Supplied material —
Segment Open

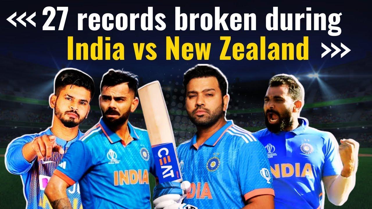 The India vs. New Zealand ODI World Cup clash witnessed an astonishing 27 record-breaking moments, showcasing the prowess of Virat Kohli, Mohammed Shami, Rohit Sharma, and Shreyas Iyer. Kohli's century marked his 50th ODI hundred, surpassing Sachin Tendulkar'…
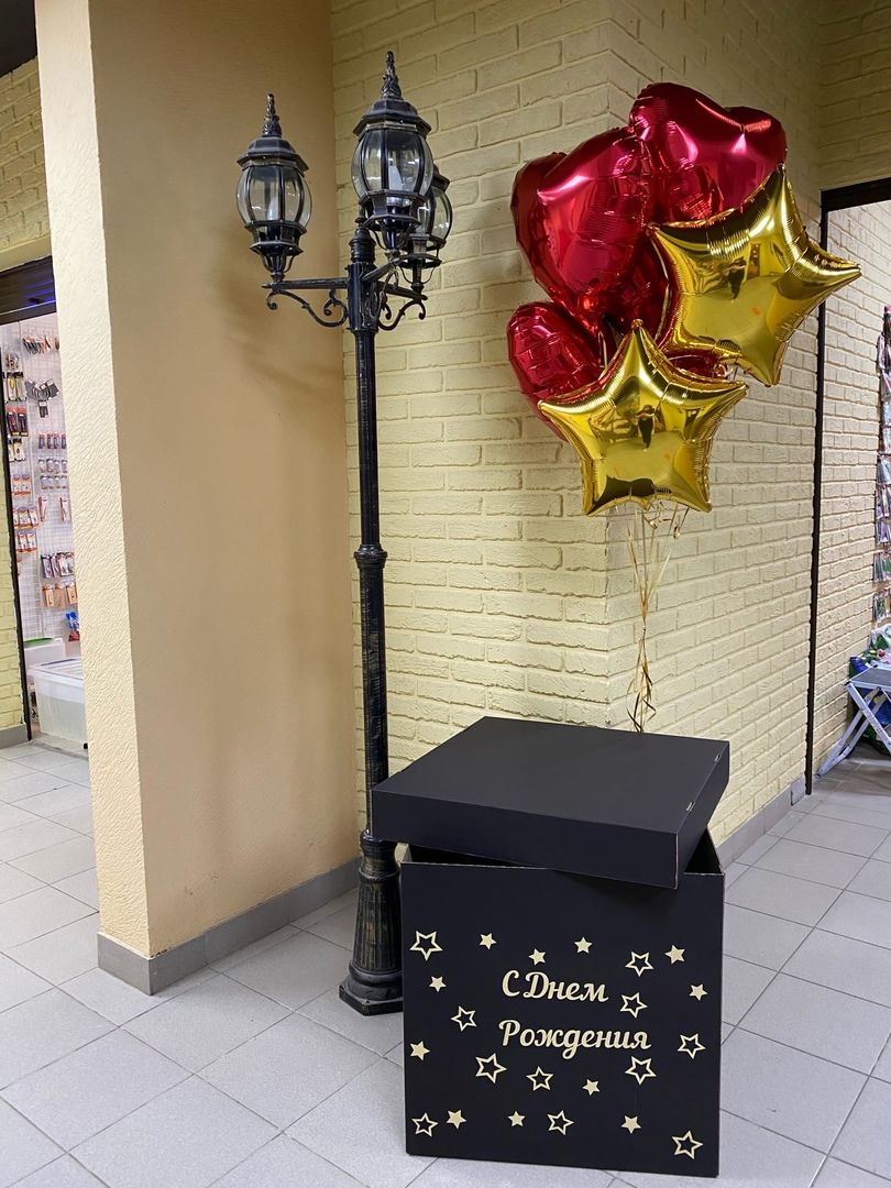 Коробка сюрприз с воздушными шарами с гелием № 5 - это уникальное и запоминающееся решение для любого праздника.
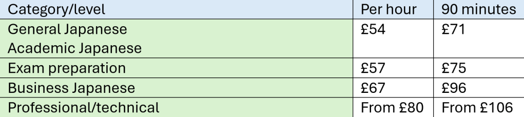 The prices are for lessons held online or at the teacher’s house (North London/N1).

Segment Closed
Segment Open

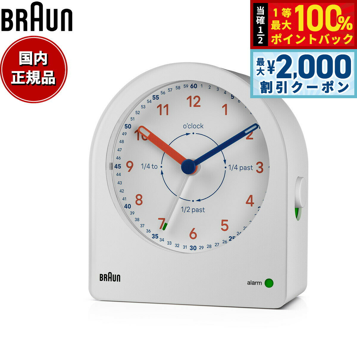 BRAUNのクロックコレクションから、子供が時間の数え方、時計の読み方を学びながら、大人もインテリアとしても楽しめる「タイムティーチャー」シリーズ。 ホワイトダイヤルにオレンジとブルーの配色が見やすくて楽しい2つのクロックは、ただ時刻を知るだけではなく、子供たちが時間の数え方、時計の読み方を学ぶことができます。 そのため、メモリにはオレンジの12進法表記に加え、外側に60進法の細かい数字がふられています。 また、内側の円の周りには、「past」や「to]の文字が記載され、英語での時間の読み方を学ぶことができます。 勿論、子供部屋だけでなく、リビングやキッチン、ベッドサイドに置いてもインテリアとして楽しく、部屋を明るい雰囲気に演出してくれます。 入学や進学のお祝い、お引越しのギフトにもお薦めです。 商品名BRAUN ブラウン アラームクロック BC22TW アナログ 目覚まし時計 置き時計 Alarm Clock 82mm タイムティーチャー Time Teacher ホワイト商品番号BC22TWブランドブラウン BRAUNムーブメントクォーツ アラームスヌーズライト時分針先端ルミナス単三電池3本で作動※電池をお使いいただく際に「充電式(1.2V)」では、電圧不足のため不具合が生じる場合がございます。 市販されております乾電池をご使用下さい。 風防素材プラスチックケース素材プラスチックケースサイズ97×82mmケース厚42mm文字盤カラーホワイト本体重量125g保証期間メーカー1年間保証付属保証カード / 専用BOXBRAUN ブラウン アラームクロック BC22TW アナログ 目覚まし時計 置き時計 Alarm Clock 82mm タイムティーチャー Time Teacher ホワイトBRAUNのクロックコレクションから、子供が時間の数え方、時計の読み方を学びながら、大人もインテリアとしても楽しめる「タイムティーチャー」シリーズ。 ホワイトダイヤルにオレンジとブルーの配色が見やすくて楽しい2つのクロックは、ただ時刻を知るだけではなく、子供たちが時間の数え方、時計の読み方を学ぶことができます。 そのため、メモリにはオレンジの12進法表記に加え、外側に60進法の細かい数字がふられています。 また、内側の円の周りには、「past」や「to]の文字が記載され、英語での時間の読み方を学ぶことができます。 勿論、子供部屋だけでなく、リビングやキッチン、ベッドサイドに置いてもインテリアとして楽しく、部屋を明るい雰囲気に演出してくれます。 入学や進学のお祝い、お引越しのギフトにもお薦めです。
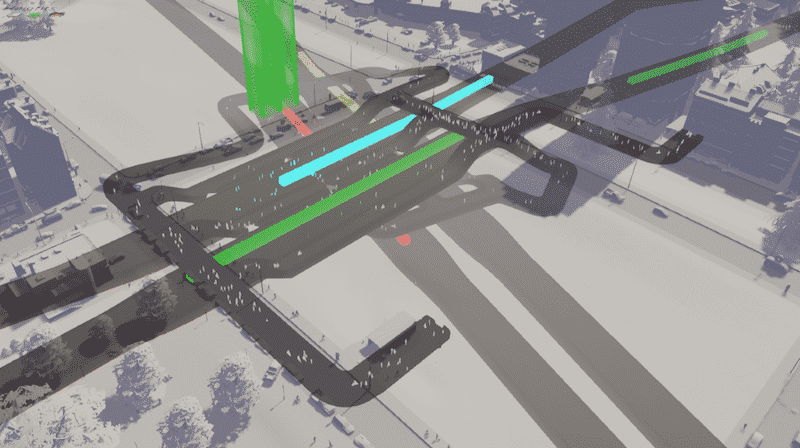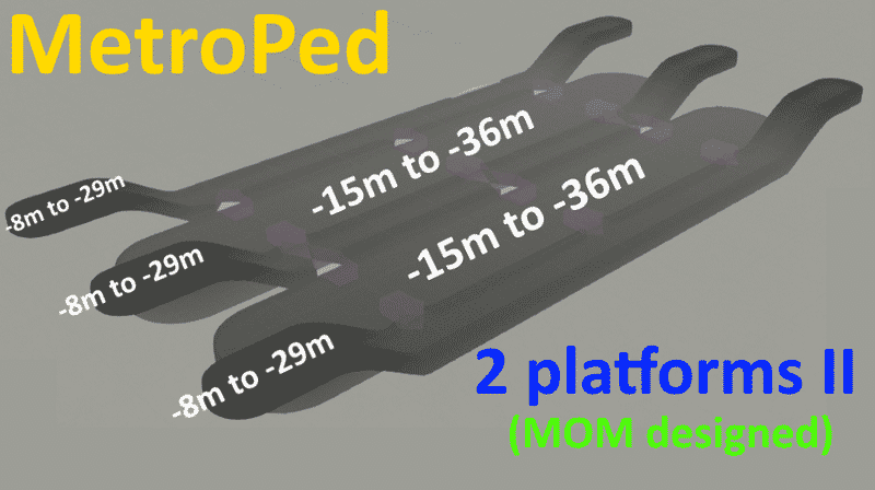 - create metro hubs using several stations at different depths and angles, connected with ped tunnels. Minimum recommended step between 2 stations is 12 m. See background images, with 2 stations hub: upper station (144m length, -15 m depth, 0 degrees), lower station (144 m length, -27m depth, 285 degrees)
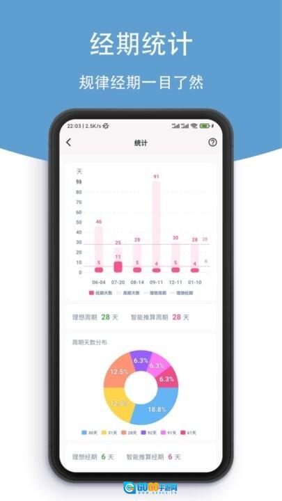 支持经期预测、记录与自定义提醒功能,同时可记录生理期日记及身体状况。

Segment Closed
Segment Open

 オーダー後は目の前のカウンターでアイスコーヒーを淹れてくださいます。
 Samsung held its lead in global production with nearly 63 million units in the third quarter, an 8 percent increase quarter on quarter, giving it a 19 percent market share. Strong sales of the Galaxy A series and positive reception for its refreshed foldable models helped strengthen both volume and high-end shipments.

Segment Closed

What the exercise asks —
Using the data above, which lines fall from the one with "The India vs." through the one with "The prices are"? Repeat them exactly, ends included, minus any pictures.

Answer to this task —
 The India vs. New Zealand ODI World Cup clash witnessed an astonishing 27 record-breaking moments, showcasing the prowess of Virat Kohli, Mohammed Shami, Rohit Sharma, and Shreyas Iyer. Kohli's century marked his 50th ODI hundred, surpassing Sachin Tendulkar'…
 Коробка сюрприз с воздушными шарами с гелием № 5 - это уникальное и запоминающееся решение для любого праздника.
 The prices are for lessons held online or at the teacher’s house (North London/N1).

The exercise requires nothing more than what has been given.